= What the exercise asks =
Retype all of the listing exactly, with no pictures.

= Data excerpts =
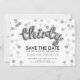 Design de Elegante "aniversário de 30 anos Party Save The Date" com as Letras de Balão e o confete Glitter do Silver e o nome personalizado e o texto de detalhes. Imprima sua família e amigos com este na moda e design glamouroso. Fácil de usar e fácil de personalizar. Faça o pedido hoje!
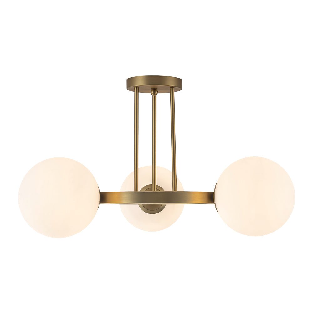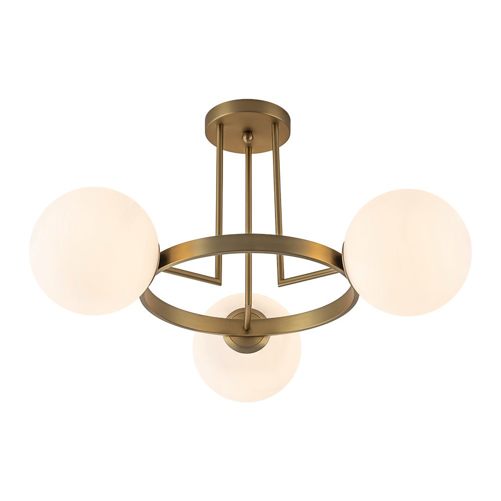 3-Light Brass Opal Glass Globe Round Ring Semi Flush Mount
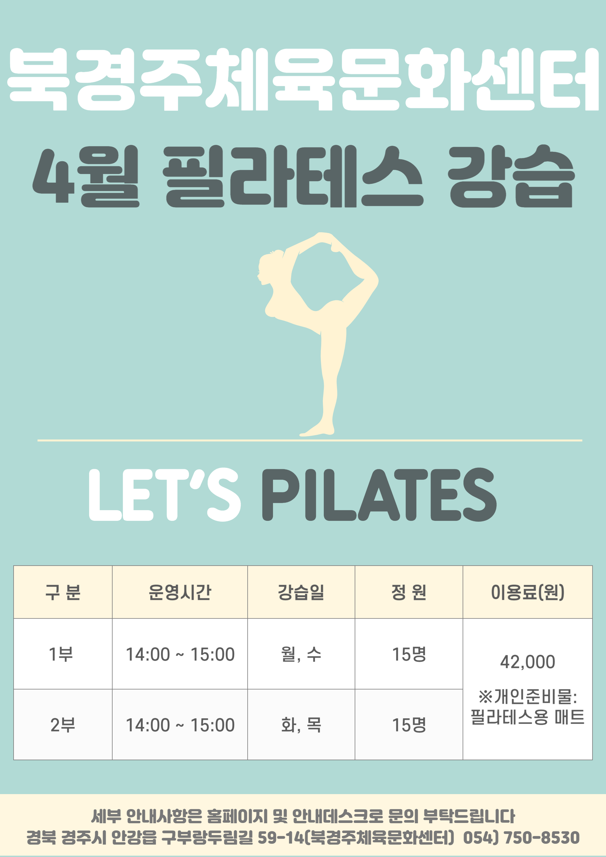 4월 필라테스 강습 안내 작성자 : 관리자 조회 : 309 등록일시 : 2023년 3월 29일 13시 16분 17초 필라테스 운영-001 (1).png [ Size : 449.48KB, Down : 331 ] 미리보기 다운로드 목록보기
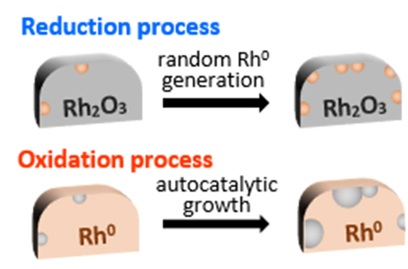 The team found that Rh reacts differently when under oxidative or reductive conditions. In the oxidation process it was observed that the oxidized points gradually grew and expanded on the surface. In contrast, during the reduction process, the metallic state was reduced swiftly and randomly.
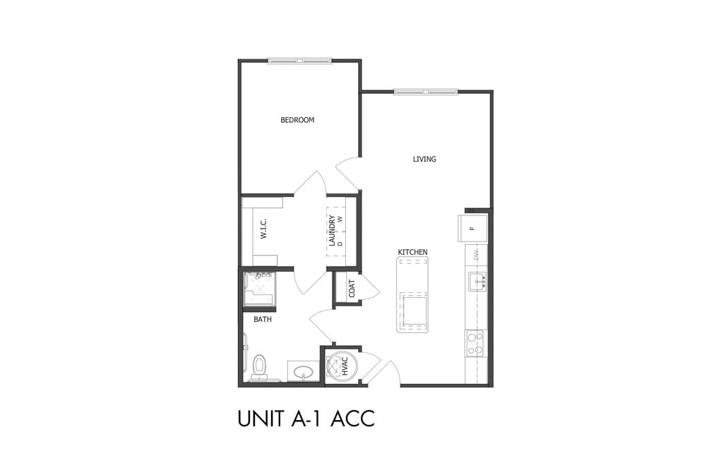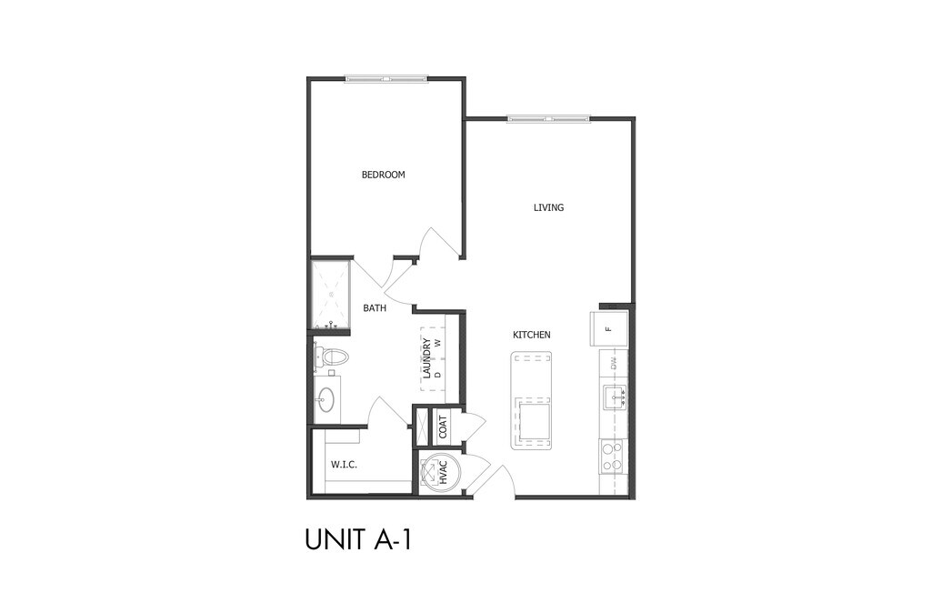 1 Dormitorio, 1 Baño, 705-746 pies²Galería del Modelo
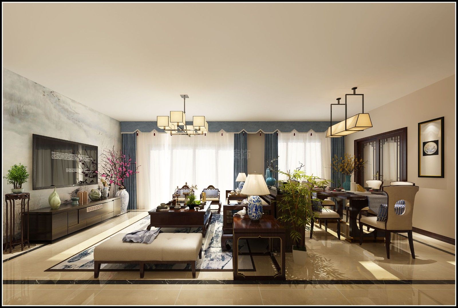 惠州101-200平米新中式風格榮泰河庭室內(nèi)設計效果圖
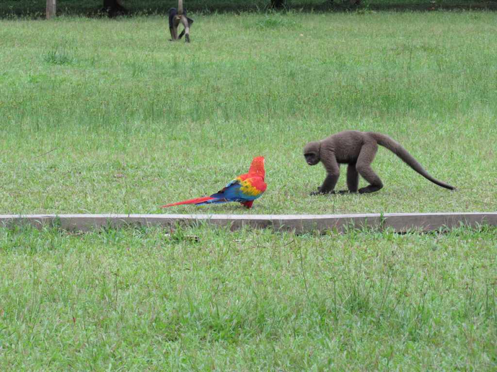 We get a first taste of the Amazonas wildlife: Davis shows us a giant centipede, birds and a snake. By now, we’re already up for a few hours and our tummies start to grumble. Fortunately, it’s lunchtime at the lodge, and we dig into the buffet with fried plantains, Amazon fish, a fruit plate and more. Knocked out by a full-on food coma, we have a little siesta in the hammocks on the stilt path to the jetty. It’s only Davis’ announcement that we’re going to see monkeys that finally gets us into the boat again in the afternoon. “Monkey Island” is a wildlife reserve dedicated to rescuing, rehabilitating and releasing monkeys and other sick or injured animals of the surrounding rainforest. There are small monkeys playing with Macaws (parrots) on the lawn, and we also spot some recovering sloths and toucans in their respective quarters. On the way back to the lodge, we enjoy the view of a beautiful sunset. But the day isn’t over yet!
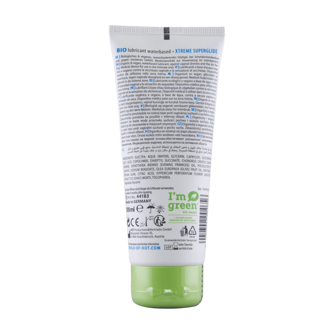 O CALDO SPETTACOLO BIO Superglide Estrema è un lubrificante scorrevole a base d'acqua che rimane liscio a lungo. È sicuro da usare in combinazione con preservativi e giocattoli sessuali. O CALDO SPETTACOLO BIO Superglide Estrema è un lubrificante completamente naturale in un tubo ecologico.
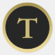 Adesivo Redondo T: Monograma T Elegante Dourado e Preto
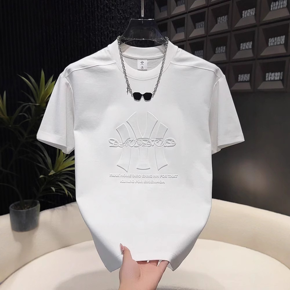 2025新型シンプルなデザイン感プリント文字半袖tシャツ男性気質かっこいい贅沢な丸襟高品質
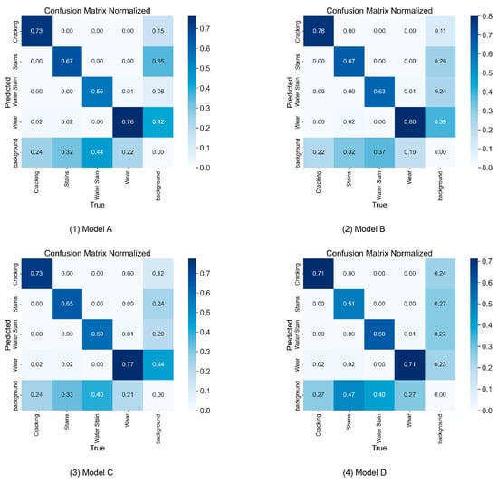 Furthermore, the confusion matrix reflects the proportion of each type of damage that is correctly identified or misclassified as another category during the prediction process, revealing the strengths and weaknesses of the model in multi-class detection tasks. As shown in Figure 12, the diagonal values indicate that cracks and wear are generally well identified, while stains and water stains still exhibit significant confusion. For example, Model A achieves an accuracy of 0.73 for cracking and 0.76 for wear, but only 0.67 for stains, with 0.32% misclassified as background. Model B improves its performance for cracking to 0.78. Model C demonstrates the most balanced overall performance across multiple categories, achieving 0.73 and 0.77 for cracking and wear, respectively, and maintaining 0.60 and 0.65 for water stain and stains. In contrast, Model D achieves the lowest accuracy for stains, at only 0.51, and the highest misclassification rate for background (0.47), demonstrating its limited robustness against complex background interference. A further comparison reveals that background classification is a key factor influencing overall performance. Consistent with the PR curve results in the previous section, stains and water stain remain the most challenging categories; while cracking and wear maintain high consistency and stability across all models.
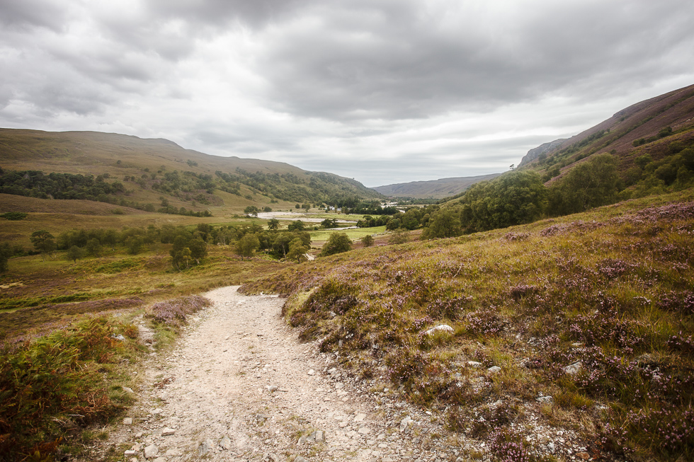 Oh the second day! Classic Highlands terrain and beautiful landscapes made it an awesome bikepacking day. I think I pretty much spent the whole day with a smile on my face. The section between Ballater and Tomintoul was all I was hoping for… and more. Leaving Ballater, I followed the River Muick 15 km heading south to end up at Spittal of Glen Muick. This was the only section where I passed many hikers along the trail. I maintained a casual pace and stopped along the way to take pictures. Believe it or not, I had been in Scotland for 5 days and I had yet to see rain – something unheard of.
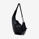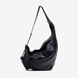 This Marni large hobo shoulder bag features a slouchy silhouette in black leather with a textured finish. The minimalist design is complemented by an adjustable strap and drawstring closure.
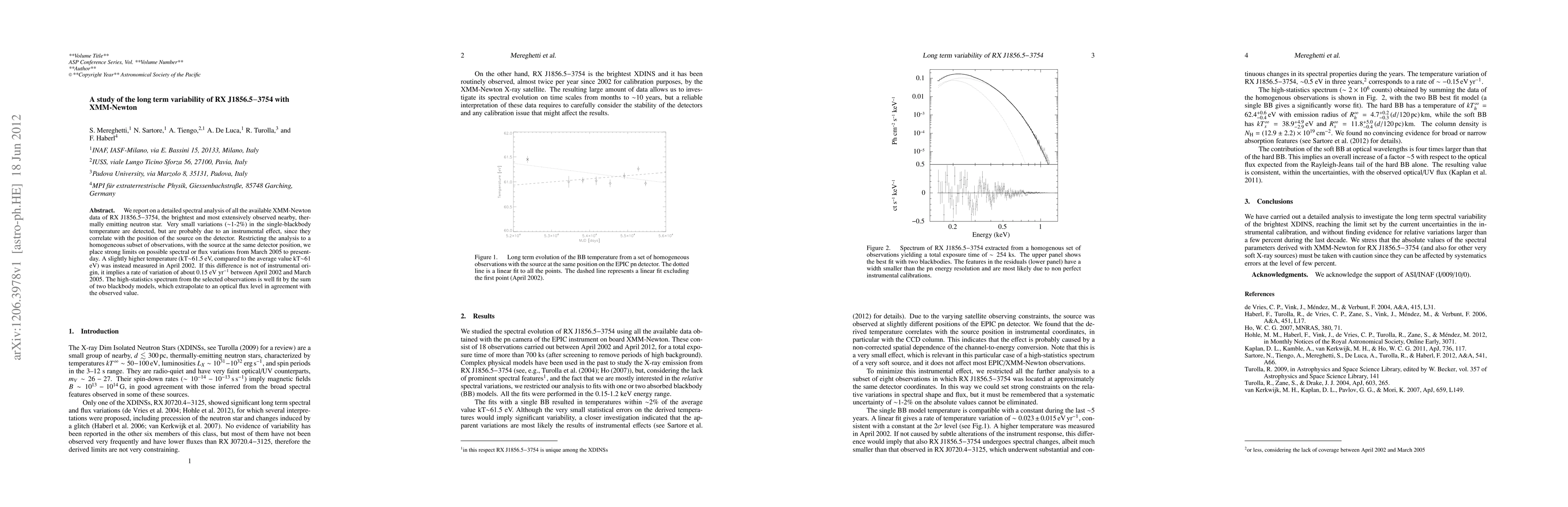 We report on a detailed spectral analysis of all the available XMM-Newton data of RX J1856.5-3754, the brightest and most extensively observed nearby, thermally emitting neutron star. Very small variations (~1-2%) in the single-blackbody temperature are detected, but are probably due to an instrumental effect, since they correlate with the position of the source on the detector. Restricting the analysis to a homogeneous subset of observations, with the source at the same detector position, we place strong limits on possible spectral or flux variations from March 2005 to present-day. A slightly higher temperature (kT~61.5 eV, compared to the average value kT~61 eV) was instead measured in April 2002. If this difference is not of instrumental origin, it implies a rate of variation of about 0.15 eV/yr between April 2002 and March 2005. The high-statistics spectrum from the selected observations is well fit by the sum of two blackbody models, which extrapolate to an optical flux level in agreement with the observed value.

= Answer to this task =
 Design de Elegante "aniversário de 30 anos Party Save The Date" com as Letras de Balão e o confete Glitter do Silver e o nome personalizado e o texto de detalhes. Imprima sua família e amigos com este na moda e design glamouroso. Fácil de usar e fácil de personalizar. Faça o pedido hoje!
 3-Light Brass Opal Glass Globe Round Ring Semi Flush Mount
 4월 필라테스 강습 안내 작성자 : 관리자 조회 : 309 등록일시 : 2023년 3월 29일 13시 16분 17초 필라테스 운영-001 (1).png [ Size : 449.48KB, Down : 331 ] 미리보기 다운로드 목록보기
 The team found that Rh reacts differently when under oxidative or reductive conditions. In the oxidation process it was observed that the oxidized points gradually grew and expanded on the surface. In contrast, during the reduction process, the metallic state was reduced swiftly and randomly.
 1 Dormitorio, 1 Baño, 705-746 pies²Galería del Modelo
 惠州101-200平米新中式風格榮泰河庭室內(nèi)設計效果圖
 We get a first taste of the Amazonas wildlife: Davis shows us a giant centipede, birds and a snake. By now, we’re already up for a few hours and our tummies start to grumble. Fortunately, it’s lunchtime at the lodge, and we dig into the buffet with fried plantains, Amazon fish, a fruit plate and more. Knocked out by a full-on food coma, we have a little siesta in the hammocks on the stilt path to the jetty. It’s only Davis’ announcement that we’re going to see monkeys that finally gets us into the boat again in the afternoon. “Monkey Island” is a wildlife reserve dedicated to rescuing, rehabilitating and releasing monkeys and other sick or injured animals of the surrounding rainforest. There are small monkeys playing with Macaws (parrots) on the lawn, and we also spot some recovering sloths and toucans in their respective quarters. On the way back to the lodge, we enjoy the view of a beautiful sunset. But the day isn’t over yet!
 O CALDO SPETTACOLO BIO Superglide Estrema è un lubrificante scorrevole a base d'acqua che rimane liscio a lungo. È sicuro da usare in combinazione con preservativi e giocattoli sessuali. O CALDO SPETTACOLO BIO Superglide Estrema è un lubrificante completamente naturale in un tubo ecologico.
 Adesivo Redondo T: Monograma T Elegante Dourado e Preto
 2025新型シンプルなデザイン感プリント文字半袖tシャツ男性気質かっこいい贅沢な丸襟高品質
 Furthermore, the confusion matrix reflects the proportion of each type of damage that is correctly identified or misclassified as another category during the prediction process, revealing the strengths and weaknesses of the model in multi-class detection tasks. As shown in Figure 12, the diagonal values indicate that cracks and wear are generally well identified, while stains and water stains still exhibit significant confusion. For example, Model A achieves an accuracy of 0.73 for cracking and 0.76 for wear, but only 0.67 for stains, with 0.32% misclassified as background. Model B improves its performance for cracking to 0.78. Model C demonstrates the most balanced overall performance across multiple categories, achieving 0.73 and 0.77 for cracking and wear, respectively, and maintaining 0.60 and 0.65 for water stain and stains. In contrast, Model D achieves the lowest accuracy for stains, at only 0.51, and the highest misclassification rate for background (0.47), demonstrating its limited robustness against complex background interference. A further comparison reveals that background classification is a key factor influencing overall performance. Consistent with the PR curve results in the previous section, stains and water stain remain the most challenging categories; while cracking and wear maintain high consistency and stability across all models.
 Oh the second day! Classic Highlands terrain and beautiful landscapes made it an awesome bikepacking day. I think I pretty much spent the whole day with a smile on my face. The section between Ballater and Tomintoul was all I was hoping for… and more. Leaving Ballater, I followed the River Muick 15 km heading south to end up at Spittal of Glen Muick. This was the only section where I passed many hikers along the trail. I maintained a casual pace and stopped along the way to take pictures. Believe it or not, I had been in Scotland for 5 days and I had yet to see rain – something unheard of.
 This Marni large hobo shoulder bag features a slouchy silhouette in black leather with a textured finish. The minimalist design is complemented by an adjustable strap and drawstring closure.
 We report on a detailed spectral analysis of all the available XMM-Newton data of RX J1856.5-3754, the brightest and most extensively observed nearby, thermally emitting neutron star. Very small variations (~1-2%) in the single-blackbody temperature are detected, but are probably due to an instrumental effect, since they correlate with the position of the source on the detector. Restricting the analysis to a homogeneous subset of observations, with the source at the same detector position, we place strong limits on possible spectral or flux variations from March 2005 to present-day. A slightly higher temperature (kT~61.5 eV, compared to the average value kT~61 eV) was instead measured in April 2002. If this difference is not of instrumental origin, it implies a rate of variation of about 0.15 eV/yr between April 2002 and March 2005. The high-statistics spectrum from the selected observations is well fit by the sum of two blackbody models, which extrapolate to an optical flux level in agreement with the observed value.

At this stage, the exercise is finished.